Rapid developments in the electromagnetic theory and nanotechnology have facilitated the manufacturing of metamaterials with unique electric and magnetic properties . It is known that when a time-varying magnetic field is parallel to the axis of a spiral coil of metal wire, an induced magnetic field will occur due to the resultant current in the coil according to Lenz’s law. Such a diamagnetic response has been demonstrated with the split-ring resonator in the microwave region, resulting in a negative index medium with simultaneously negative permeability and permittivity . With such artificial structures, sometimes called magnetic elements, electromagnetic waves can interact with materials via both the electric and magnetic fields; thus, the effective permittivity and permeability can be controlled. Recently, several groups have demonstrated a negative index behavior in the optical frequency using various structures [10–14]. However, most studies has focused on subwavelength imaging beyond the diffraction limit and invisible clocking, without addressing the thermal emission and absorption processes that have numerous applications in energy conversion and optical detection.
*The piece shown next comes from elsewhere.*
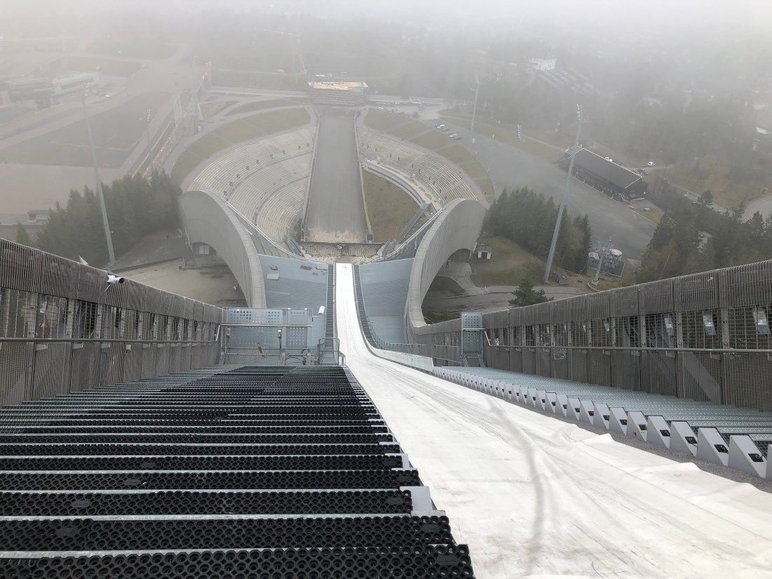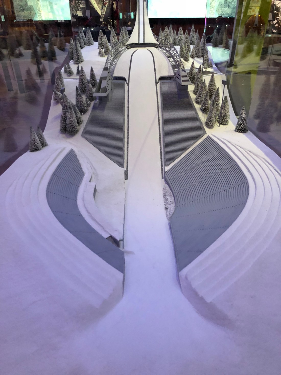 We then took the elevator to the top of the ski jump, still devoid of snow – but very high up and a test to the vertigo tolerance.

The present work describes an innovative idea for tailoring the thermal emission and absorption characteristics using a metallic grating coated on a dielectric spacer atop an opaque metal film. The magnetic response existing between the metallic strips and the film allows the structure to behave as a single-negative material, with a negative permeability (real part) and positive permittivity. At the same time, the bulk metallic film also serves as a nonmagnetic material with a negative permittivity (real part) and positive permeability in the near infrared. Consequently, surface magnetic polaritons  can be excited in the proposed structure, resulting in coherent thermal emission. Magnetic polaritons can be viewed as a resonance with a magnetic response (negative permeability) that is coupled to a nonmagnetic medium. The dispersion relation of the surface magnetic polariton may be described by μ 1/k 1z + μ 2/k 2z = 0, where μ’s are the relative permeabilities and kz’s are the normal component of the wavevectors of the media . The resonance condition of the magnetic response can be predicted by an analogy to an inductor-capacitor (LC) circuit. The predicted resonance conditions are compared with those obtained from the rigorous coupled-wave analysis (RCWA). Furthermore, the effect of geometric parameters on the resonance condition is also investigated.
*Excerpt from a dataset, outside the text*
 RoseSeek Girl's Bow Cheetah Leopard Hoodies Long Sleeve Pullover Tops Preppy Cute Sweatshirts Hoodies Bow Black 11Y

2. Surface magnetic polaritons
Consider the structure that is made of periodic metal strips with a dielectric spacer deposited on a metallic film, as depicted in Fig. 1(a). Without the spacer, it is simply a binary grating. For simplicity, silver is selected as the material for the strips and (opaque) film, and silicon dioxide is used for the spacer. In practice, the silver film, whose thickness is much greater than the radiation penetration depth, can be deposited on a substrate, which is not shown in the figure. The geometry of the one-dimensional grating geometry is represented by period Λ, strip width w, and thickness h. The thickness of dielectric spacer is denoted by d. A linearly polarized electromagnetic wave is incident from air at an incidence angle θ. Similar to metallic strip pairs, the oscillating magnetic field parallel to the grating grooves can cause anti-parallel currents in the metal strips and the metal film surface. Since no magnetic response is associated with the transverse electric waves, only the transverse magnetic (TM) wave is considered in the present study.
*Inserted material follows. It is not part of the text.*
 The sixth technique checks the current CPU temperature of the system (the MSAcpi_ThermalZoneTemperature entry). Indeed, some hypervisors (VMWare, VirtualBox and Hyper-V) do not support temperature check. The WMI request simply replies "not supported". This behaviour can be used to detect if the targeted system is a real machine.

The RCWA allows the calculation of the directional-hemispherical reflectance at any given wavelength. The electric and magnetic fields near the grating region can also be calculated using the RCWA . The frequency-dependent dielectric functions of Ag and SiO2 are obtained from the tabulated data in Ref. . In the calculation, a total of 101 Fourier components are used to represent the dielectric function in the grating region. The calculated reflectance is shown in Fig. 1(b) in the wave number range from 3,000 to 20,000 cm-1 at θ = 25°. The geometric parameters are selected as Λ = 500 nm, w = 250 nm, and h = d = 20 nm, to generate a close-to-unity emissivity in the considered wave number region. For the sake of comparison, the reflectance of a simple grating is shown as the dotted curve, by setting d = 0 with the remaining parameters unchanged. It is well known that gratings can support surface plasmon polariton. At the resonance condition described by the dispersion relation: ε 1/k 1z + ε 2/k 2z = 0 , where ε’s are the permittivities of the media (metal and air), the incident wave is coupled to the collective oscillation of electrons and is eventually absorbed by the Ag substrate. The result is a sharp reflectance dip near the wave number ν = 13,780 cm-1. On the other hand, if a 20-nm SiO2 spacer is added, several additional reflectance dips appear besides the one caused by the surface plasmon. These reflectance dips are attributed to the excitation of magnetic polaritons. Since the semi-infinite metallic film is opaque, one can regard the reflectance dip as the emissivity peak according to Kirchhoff’s law .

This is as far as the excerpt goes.